DSD op zijn beurt, is een extreem eenvoudige manier om analoog om te zetten naar digitaal en visa versa. Het gehele proces is zeer transparant. In feite is de DSD bitstroom zo nauw gerelateerd tot het analoge signaal, dat als je het naar een speaker zou sturen (als een serie van +1 en -1 waarden) je hoorbare muziek terug krijgt. Door het signaal simpelweg door een ‘waveform shaping’ en lowpass filter te sturen, is DSD in staat om het originele audio signaal waarheidsgetrouw te reproduceren.
Naar een conclusie
Technologie heeft zich sinds het uitkomen van de CD verder ontwikkeld en zo ook het inzicht in de menselijke perceptie van geluid. Een voorbeeld hiervan is dat het pas veel later duidelijk werd dat, ondanks het feit dat het menselijk gehoor niet op een directe wijze frequenties kan oppikken onder de 20Hz en boven de 20kHz, deze frequenties van belang zijn voor de wijze waarop we geluiden horen. SACD met DSD heeft een technische frequentie range tot 100kHz, maar wordt hard gefilterd op 50kHz.

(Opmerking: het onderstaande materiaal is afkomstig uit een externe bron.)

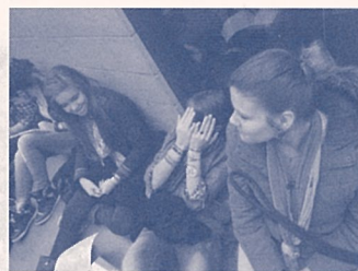
高校の同級生 (教室の外で先生待ち)
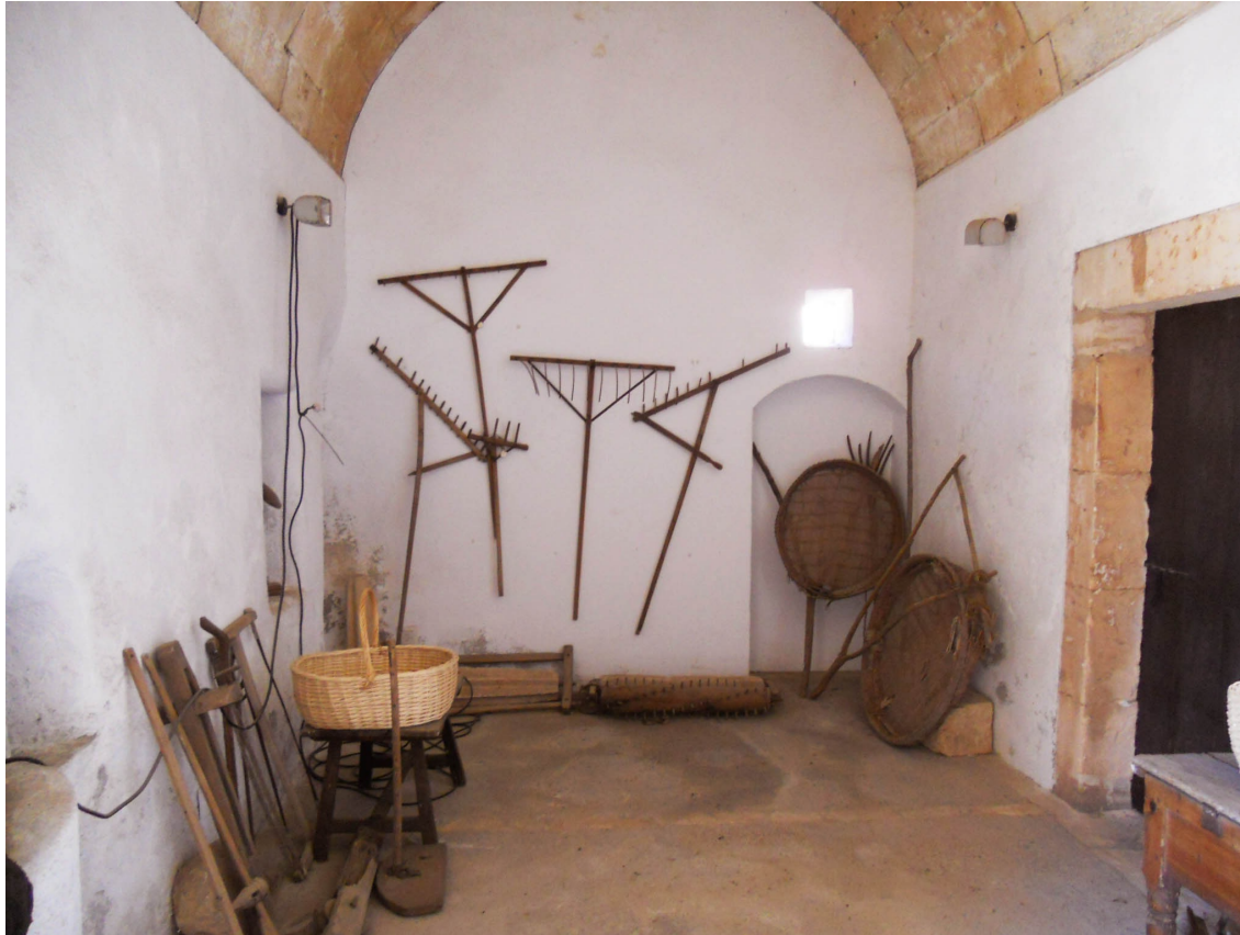
Molí d'en Gaspar

Een belangrijk verschil tussen een CD met 44.1kHz 16bit PCM geluidskwaliteit en een SACD met 2822kHz 1bit DSD geluidskwaliteit, is de accuraatheid van het signaal in het tijddomein. Het is gebleken dat het menselijk oor extreem gevoelig is voor zeer kleine timingverschillen. Van al de verschillende hersenfuncties, is plaatsbepaling van geluidsbronnen een erg belangrijke functie. Hierbij wordt vastgesteld wat de verschillen (in de tijd gezien) zijn voor geluiden die ons linker oor bereiken versus die voor het rechter oor. Met een sample frequentie van 44.100 keer per seconde is het lastig om een goede ‘soundstage’ te reproduceren. Dit lukt wèl indien er goede opname technieken zijn gebruikt, maar lang niet alle CD’s zijn in staat om een soundstage neer te zetten zoals een SACD dat doet. Op het gebied van plaatsing en soundstage blinkt DSD uit. Daar komt nog bij dat de ‘Dynamic Range’ van een SACD met 120dB een stuk beter uit de verf komt dan die van een CD (96dB)

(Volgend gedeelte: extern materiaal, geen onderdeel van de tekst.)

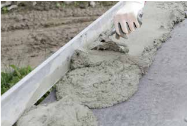
Anlegen einer Ausgleichsschicht

Die unvermeidbaren Unebenheiten des Wandauf-lagers (Betondecke, Betonfundament etc.) müssen bei Dünnbettmauerwerk durch eine gesonderte Mörtelschicht (Ausgleichsschicht) ausgeglichen werden. Diese Mörtelschicht ist in der Regel dicker als eine Dünnbettfuge. Bewährt haben sich Mauer-mörtel der Mörtelklasse M10. Die Ausgleichsschicht soll im Mittel nicht dicker als 3 cm, an einzelnen Stellen höchstens 5 cm dick sein.
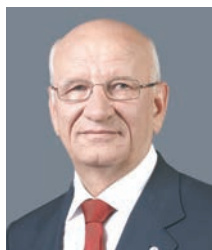
Юрий Берг, губернатор Оренбургской области:

— Сегодня Правительство области работает над актуализацией Стратегии до 2030 года. К концу следующего десятилетия продолжительность жизни должна составлять более 80 лет. При этом люди должны жить полноценной, здоровой жизнью как минимум до 67 лет, увеличивая этот порог год от года.
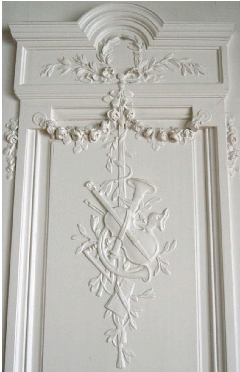
Vue du décor sculpté des portes de la salle à manger.
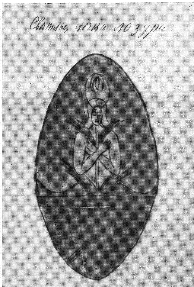
Андрей Белый. «Танка». Рукописная книжка (лист рукописи). 1920 г.

московской Книжной лавке писателей М. А. Осоргниным, который вспоминал об этом начинании: «В тяжкие 1919—1921 годы московской разрухи и голодания печатание книг было для писате-
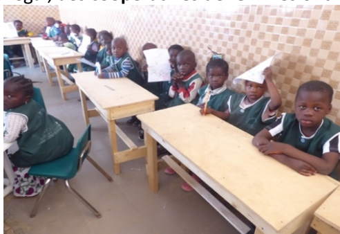
Les enfants de l'école Mere Rue ont maintenant des tables et des bancs

Au Sénégal : Ces sommes nous ont permis de poursuivre notre aide substantielle et régulière à Saint-Louis : MERE RUE accueille et nourrit grâce à notre association 126 enfants (100 auparavant), âgés de 3 à 8 ans. Mere Rue a reçu la somme de 5'000 € . Sans le Club Richelieu, nous n'aurions pas pu contribuer autant. PALETTE a reçu la somme de 1'700 € pour la construction et la diffusion d'une quinzaine de cuisinières solaires pour les réfugiés climatiques . Cela change la vie de 300 personnes pendant plusieurs années. ARADES a reçu 4'700 € pour les grands paniers thermiques pour les réfugiés climatiques et les commandes de produits artisanaux qui donnent du travail aux femmes. Trois machines à coudre leur ont été offertes. L'Ecole NDioum Wallo a reçu 300 € pour lancer un jardin écologique fait avec les enfants. Lors de notre voyage au nord du Sénégal, des coopératives de femmes ont reçu au total la somme de 1'200 € .
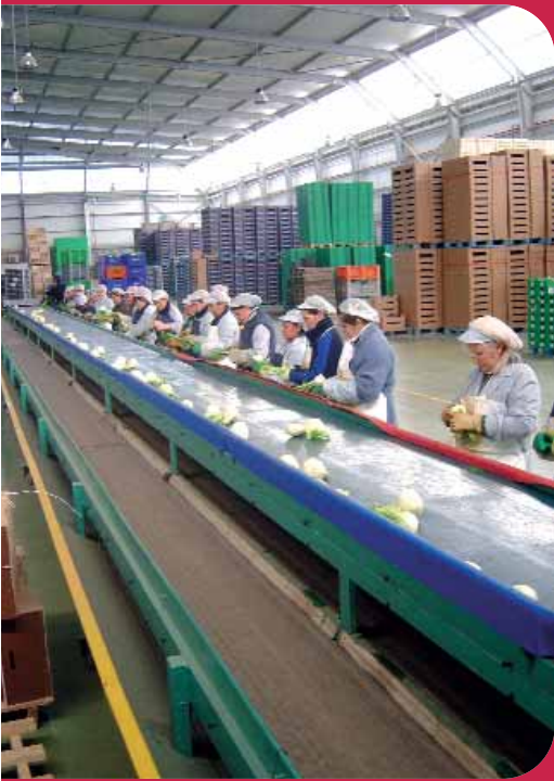
Línia de producció d'hortalisses.
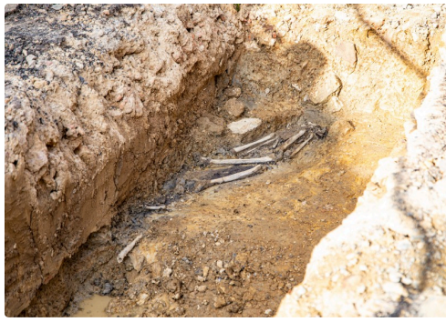
Ossements au fond de la tranchée rue Saint-Saturnin à Aignan
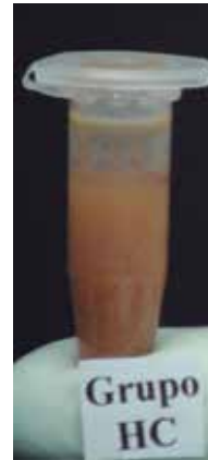
Figura 2a. Grupo HC : mezcla de hipoclorito de sodio 5.25% y clorhexidina 2%.
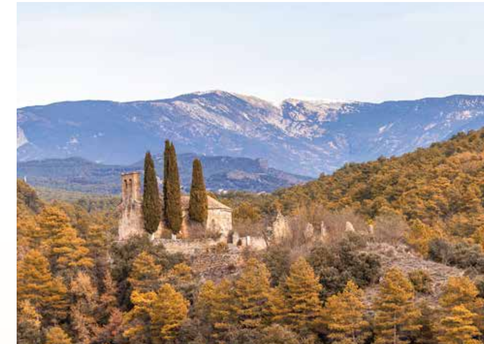
1 Església de Sant Serni de la Salsa Iglesia / Church / Église
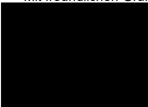
Leiter Schallschutz & Umwelt
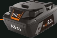
Batterie 18V 8.0 Ah SHD 4935480050
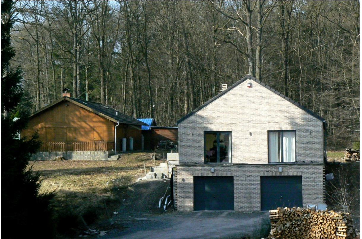
Maisons du Bois de Roly : Celle en brique a deux garages. Le plan HP est en application dans cette zone. Les gens en caravane quand ils le désirent bénéficient des aides au logement.
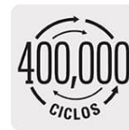
Cierre y apertura
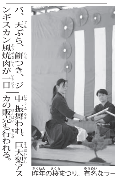
昨年(2018年)の桜まつり。有名なラーモス剣道部が演舞を披露する様子

色のコントラストを楽しむ。メインステージでは獅子舞、鬼剣舞、和太鼓、日本舞踊などを披露。そのほか、剣道や居合道、武術など武道の実演も行われる。落成される茶室では茶道の点前
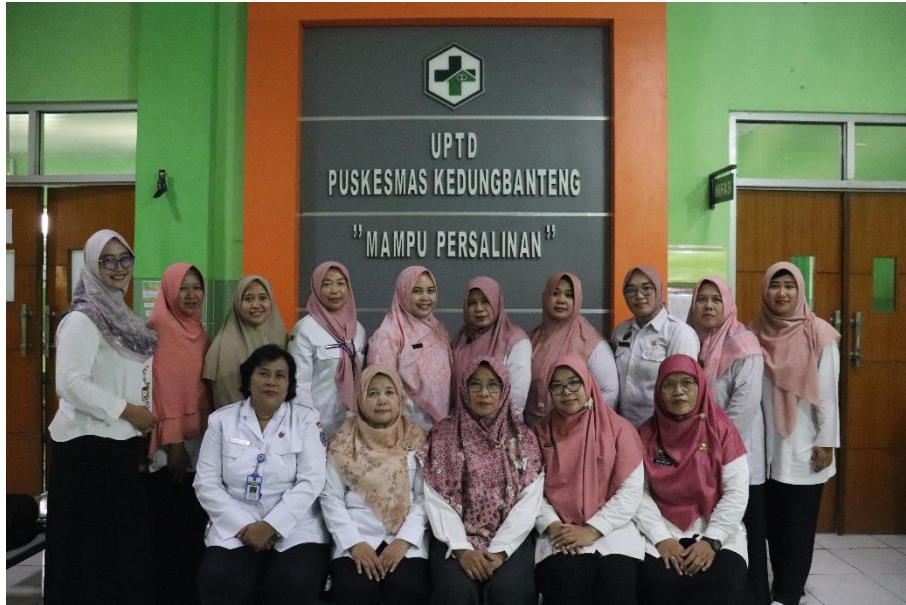
Pembinaan Jejaring Rujukan di Puskesmas Kedungbanteng Kabupaten Tegal
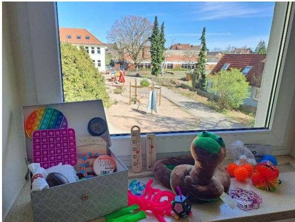
Bild 8 Skillskisten in jeden Raum vorrätig

Skill-Kisten mit verschiedenen Beruhigungs- und Fokussierungsteilen bieten wir auch an.
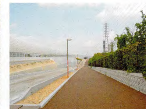
●電柱がなく見渡しが良い自転車歩行者道が続きます。(寝屋川公園付近)
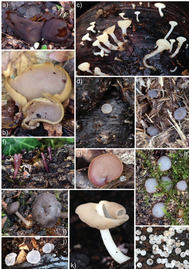
Slika 7. Neke vrste gljiva zabilježene za vrijeme četvrtog terenskog istraživanja u oktobru 2019. godine: a) Otidea bufonia , na rubu šume ispod javora, bora i hrasta (put prema Bijeloj gori); b) Otidea alutacea , prilično česta vrsta u bukovim šumama na Bijeloj gori; c) Hymenoscyphus fructigenus , na žiru ( Quercus sp.); d) Thecotheus holmskjoldii , na izmetu ovce, Klobučki potok; e) Thecotheus keithii , na izmetu konja, Bijela gora; f) vrsta iz roda Ascocoryne (anamorf), potok Skočigrm; g) Peziza michelii , Arandelovo, aluvijalna šuma s pješčanim tlom oko rijeke Sušice; h) Trichophaea woolhopeia , Klobučki potok; i) Helvella branzeiana , prva inundacijska zona Klobučkog potoka; j) Thecotheus pelletieri , na izmetu krave, Arandelovo (livade); k) Helvella elastica , zgarište oko Klobučkog potoka; l) Lasiosphaeria ovina , grana bjelogorice, potok Skočigrm / Figure 7. Some fungal species recorded during the fourth field research in October 2019: a) Otidea bufonia , on the edge of the forest under maple, pine and oak (road to the Bijela gora plateau); b) Otidea alutacea , quite common species within beech stands on the Bijela gora; c) Hymenoscyphus fructigenus , on acorn ( Quercus sp.); d) Thecotheus holmskjoldii , on sheep dung, Klobučki stream; e) Thecotheus keithii , on horse dung, Bijela gora; f) Ascocoryne species (anamorph stage), Skočigrm stream; g) Peziza michelii , Arandelovo, alluvial forest with sandy soil on the Sušica riverbanks; h) Trichophaea woolhopeia , Klobučki stream; i) Helvella branzeiana , Klobučki stream, first inundation zone; j) Thecotheus pelletieri , on cow dung, Arandelovo (pastures); k) Helvella elastica , burned ground, Klobučki stream; l) Lasiosphaeria ovina , branch of deciduous tree, Skočigrm stream
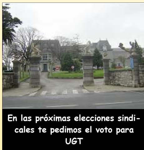
En las próximas elecciones sindicales te pedimos el voto para UGT

En Septiembre acaba el mandato de 4 años del Comité de Empresa del hospital Santa Clotilde y comienza el preaviso del nuevo proceso electoral que comenzara en octubre. Actualmente los delegados son mayoritariamente de UGT ( 5 de 9 delegados que conforman el comité).

De conclusie op basis van technologie
De hoge signaal accuratesse van DSD door zijn 64-voudige sample rate, aangevuld met een groter dynamisch bereik tot 120dB en een frequentiebereik van 50kHz, maken het zeer zinvol om de SACD ISO’s om te zetten naar 24bit 176.4kHz PCM. Het is overigens minder wenselijk om deze conversie uit te voeren naar 192kHz PCM vanwege de afrondingsfouten die ontstaan bij het resamplen van DSD en de vervorming die dit tot gevolg heeft.

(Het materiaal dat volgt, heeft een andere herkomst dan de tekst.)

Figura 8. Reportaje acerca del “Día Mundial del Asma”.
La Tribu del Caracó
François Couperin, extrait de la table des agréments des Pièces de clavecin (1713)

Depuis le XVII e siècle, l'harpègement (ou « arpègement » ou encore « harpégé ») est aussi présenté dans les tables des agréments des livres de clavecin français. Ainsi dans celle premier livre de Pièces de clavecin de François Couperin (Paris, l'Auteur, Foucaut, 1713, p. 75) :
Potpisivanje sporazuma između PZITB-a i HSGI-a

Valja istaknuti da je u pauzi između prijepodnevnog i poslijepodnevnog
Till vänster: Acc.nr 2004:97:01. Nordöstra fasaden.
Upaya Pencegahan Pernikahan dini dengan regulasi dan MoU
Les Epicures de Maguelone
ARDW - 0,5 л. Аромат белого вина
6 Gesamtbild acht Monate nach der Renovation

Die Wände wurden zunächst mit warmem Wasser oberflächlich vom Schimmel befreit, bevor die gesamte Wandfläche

Dat er afrondingsverschillen ontstaan, wordt duidelijk in het volgende tabelletje waar we een binaire deling loslaten op de DSD sample rate van 2822,4kHz en de uitkomsten afzetten tegen een 192kHz sample rate.
Zoals eerder in dit artikel beschreven, heeft DSD 44,1kHz als basis met een 1bit datastream en een oversampling rate van 64x. Het converteren van DSD naar 192kHz leidt dus tot een restwaarde van een groot aantal samples, wat ergens tijdens de conversie gecompenseerd moet worden.
De reproductie van PCM naar een audiosignaal, is op het niveau van 24bit 176.4kHz gelijkwaardig te noemen aan DSD. ‘Dubbelblinde’ luistertesten (case study Audio Engineering Society 2004) hebben tevens uitgewezen dat er geen hoorbare verschillen waarneembaar zijn op dat niveau.
De conclusie op basis van eigen ervaringen
Ik moet bekennen dat ik met veel plezier luister naar hoge-resolutie albums en dat er bij een groot aantal albums een verschil is te beluisteren in de ruimtewerking oftewel de soundstage. De plaatsing van 176,4 en 192kHz albums is wat beter dan bij 88 en 96kHz albums. Anderzijds zijn er ook hoge-resolutie albums, waarvan ik mij echt zit af te vragen of de weergave nu wel zoveel beter is als hetzelfde album in een lagere resolutie. Er zijn zelfs albums bij (uit de oude doos) waar je gratis Hi-Res ruis bij krijgt. Het is natuurlijk in alle gevallen zo, dat het eindresultaat nooit beter kan zijn dan het bronmateriaal. Met andere woorden: garbage in, garbage out. Maar gelukkig zijn er zat juweeltjes te vinden in het Hi-Res aanbod en luister ik er, zoals eerder gezegd, met veel plezier naar en soms ook met verwondering over de schoonheid van de muziek.
Bronnen:
- Sony: Super Audio CD DSD Decoder (Pdf)
- Technoworld: Key Chip for Next Generation of Audio (1999)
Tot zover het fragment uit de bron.